Blogpost about the preprint:
Model Collapse Is Not a Bug but a Feature in Machine Unlearning for LLMs
Yan Scholten$^1$, Sophie Xhonneux$^2$, Leo Schwinn$^{*,1}$, and Stephan Günnemann$^{*,1}$

$^1$ TUM
$^2$ Mila, Université de Montréal

▸ PDF ▸ Abstract ▸ Code ▸ Cite

Current unlearning methods for LLMs optimize on the private information they seek to remove by incorporating it into their fine-tuning data. We argue this not only risks reinforcing exposure to sensitive data, it also fundamentally contradicts the principle of minimizing its use. As a remedy, we propose a novel unlearning method - Partial Model Collapse (PMC), which does not require unlearning targets in the unlearning objective. Our approach is inspired by recent observations that training generative models on their own generations leads to distribution collapse, effectively removing information from model outputs. Our central insight is that model collapse can be leveraged for machine unlearning by deliberately triggering it for data we aim to remove. We theoretically analyze that our approach converges to the desired outcome, i.e. the model unlearns the data targeted for removal. We empirically demonstrate that PMC overcomes three key limitations of existing unlearning methods that explicitly optimize on unlearning targets, and more effectively removes private information from model outputs while preserving general model utility. Overall, our contributions represent an important step toward more comprehensive unlearning that aligns with real-world privacy constraints.

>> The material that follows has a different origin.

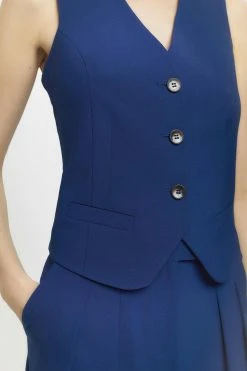 Karen Millen Polished Stretch Wool Blend Waistcoat
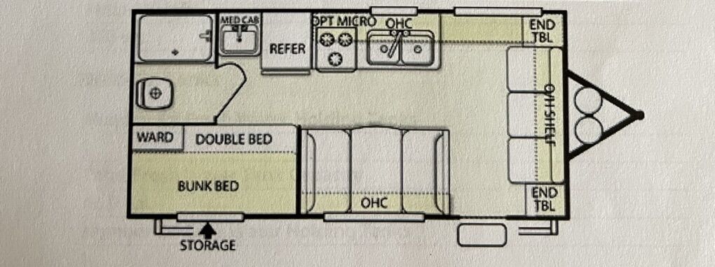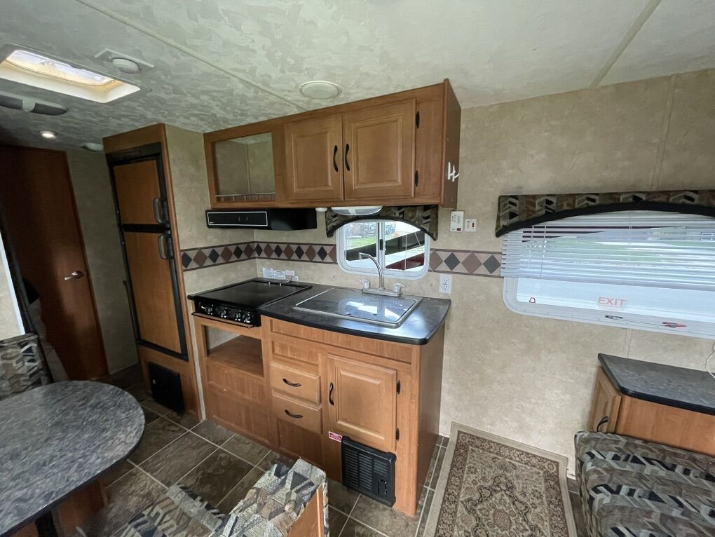 VenmoReady for your next adventure! This camper can easily get into smaller places and is easy to pull. Sleeps 4-5 with bunks, table bed, and couch pullout bed.

  @misc{scholten2025modelcollapse,
    title={Model Collapse Is Not a Bug but a Feature in Machine Unlearning for LLMs},
    author={Yan Scholten and Sophie Xhonneux and Leo Schwinn and Stephan Günnemann},
    year={2025},
    eprint={2507.04219},
    archivePrefix={arXiv},
    primaryClass={cs.LG},
    url={https://arxiv.org/abs/2507.04219},
  }

October, 2025

Introduction

What happens when a new chatbot is released and it somehow knows where you, a private person, live? It should forget! But in the age of large language models (LLMs), that’s easier said than done. Completely retraining the model from scratch without the unwanted data would be far too slow and costly. This is what machine unlearning is trying to solve—an emerging field focused on making AI forget specific information efficiently, without a complete reset.

Yet, for a while now, the most common methods have felt paradoxical in their approach to solve the unlearning problem. To make a model forget a secret, you had to show it that secret again and again during the unlearning process. It’s a bit like trying to forget a song by listening to it on repeat—probably not the most effective strategy, and it can even risk reinforcing the very information you’re trying to forget. So far, selective forgetting is a monumental task for AI.

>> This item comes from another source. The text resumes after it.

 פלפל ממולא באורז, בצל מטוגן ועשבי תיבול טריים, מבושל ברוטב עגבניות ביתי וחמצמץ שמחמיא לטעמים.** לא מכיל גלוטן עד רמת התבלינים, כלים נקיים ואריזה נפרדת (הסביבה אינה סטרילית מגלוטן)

But here’s where the story becomes really interesting: While researchers have been struggling to make AI forget on command, they’ve also stumbled upon a phenomenon where models are forgetting all by themselves (unintentionally!). As the internet is getting flooded with AI-generated content, they’ve discovered that models repetitively trained on such synthetic data start to degrade in a process called model collapse.¹ It’s a bit like making a copy of a copy—the quality can get worse over time.

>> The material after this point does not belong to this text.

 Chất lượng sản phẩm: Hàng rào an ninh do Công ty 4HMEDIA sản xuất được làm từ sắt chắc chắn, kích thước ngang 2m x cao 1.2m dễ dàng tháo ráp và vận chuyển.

This brings us to critical questions at the heart of our research: Is targeted forgetting in machine unlearning as challenging as preventing unintentional forgetting in model collapse? Or can we actually trigger model collapse in a controlled way, turning this detrimental phenomenon to our advantage for machine unlearning?

In this post, we’ll explore this exciting frontier pioneered in our recent preprint [1], suggesting that the problem of model collapse might just hold the solution for effective machine unlearning in LLMs and beyond.

From model collapse to machine unlearning

Let’s begin with a simple thought experiment to better understand the underlying principles of the model collapse phenomenon.

Imagine a lottery machine filled with an equal mix of ten different colored balls. You draw 100 balls, record their colors, and get a pretty good picture of the original mix. Now, what if you took your results and used them to create a new lottery machine, stocking it with the exact number of colored balls you just drew? Then you repeat the process over and over. What happens?

By pure chance, you might have drawn one color slightly more often than the others in your first iteration. In the next generation, that tiny fluke gets amplified. After a few rounds, that one color starts to dominate, pushing the others out. Eventually you’ll reach a point where the machine only contains balls of a single color, try it out yourself!

$\rightleftarrows$

This is model collapse in a nutshell. All the diversity and information of the original distribution is lost, collapsed to a single point in the limit. In the context of generative AI, this phenomenon was first discussed in a really interesting Nature paper [2], arguing that the reason for the collapse are small statistical errors that build on each other in a one-way process; once a color is gone, it can never come back.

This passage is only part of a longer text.